TASK GOAL:
Every line of the listing must be reproduced as it stands. Leave the images behind.

DATASET EXTRACT:
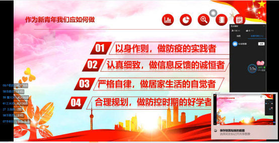 本次网络团课的顺利开展,不仅使同学们对疫情有了更科学、更理性的认识,坚定了不听谣、不信谣、不传谣的决心,提升了带头讲事实、明真相的责任感;而且使同学们更加深刻认识到,无论处于什么样的职位,无论从事什么样的行业,我们都有责任为祖国做出贡献。做好我们该做的,做好我们能做的,青春无畏敢于担当,让我们一起加油,为祖国尽一份力!(张梦银/文 图)
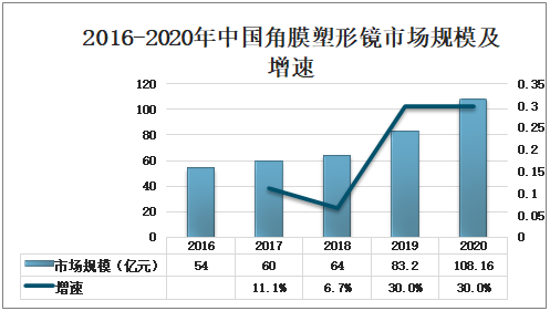 2016-2020年中國角膜塑形鏡市場規模及增速
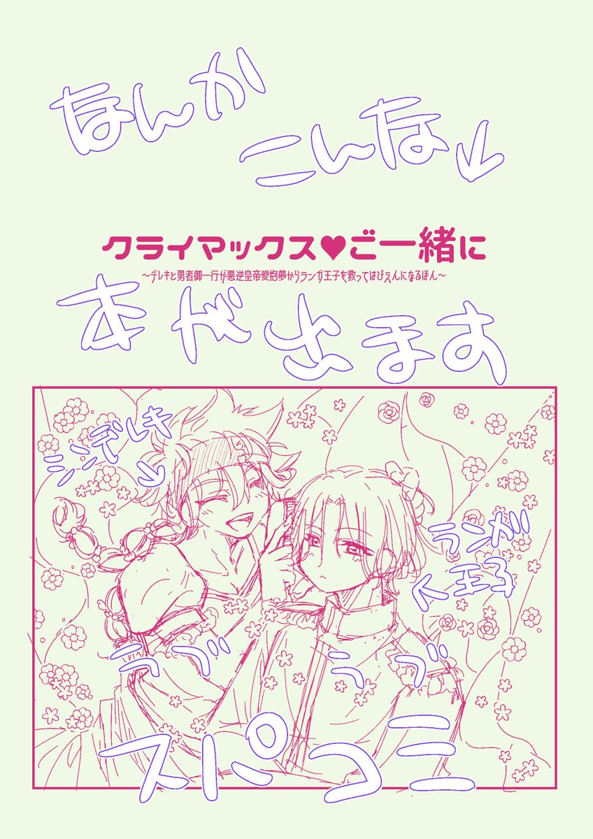 スパコミ新刊❄️🌺描いてみたかったデレキ~画面がやかましいどたばたらぶこめ系えっちが入るかは正気を失えるかにかかってる(笑)個人誌でこぴ本です💒ランガ王子❄️ぱやぱや顔ないめーじ👶
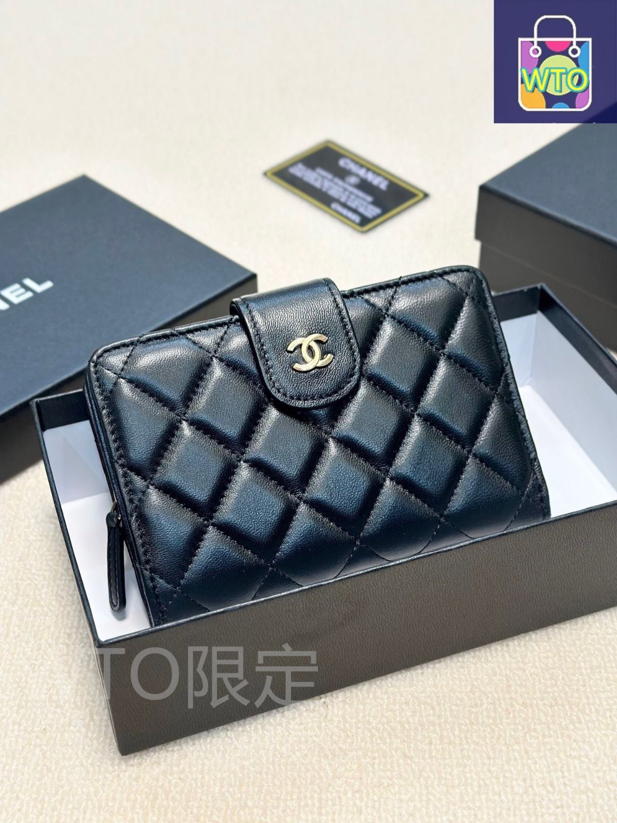 シャネル レディース ウォレット 2つ折り ブラックゴールド&ブラックシルバー 高品質シープレザー -WTO輸入1

ANSWER SPACE:
 本次网络团课的顺利开展,不仅使同学们对疫情有了更科学、更理性的认识,坚定了不听谣、不信谣、不传谣的决心,提升了带头讲事实、明真相的责任感;而且使同学们更加深刻认识到,无论处于什么样的职位,无论从事什么样的行业,我们都有责任为祖国做出贡献。做好我们该做的,做好我们能做的,青春无畏敢于担当,让我们一起加油,为祖国尽一份力!(张梦银/文 图)
 2016-2020年中國角膜塑形鏡市場規模及增速
 スパコミ新刊❄️🌺描いてみたかったデレキ~画面がやかましいどたばたらぶこめ系えっちが入るかは正気を失えるかにかかってる(笑)個人誌でこぴ本です💒ランガ王子❄️ぱやぱや顔ないめーじ👶
 シャネル レディース ウォレット 2つ折り ブラックゴールド&ブラックシルバー 高品質シープレザー -WTO輸入1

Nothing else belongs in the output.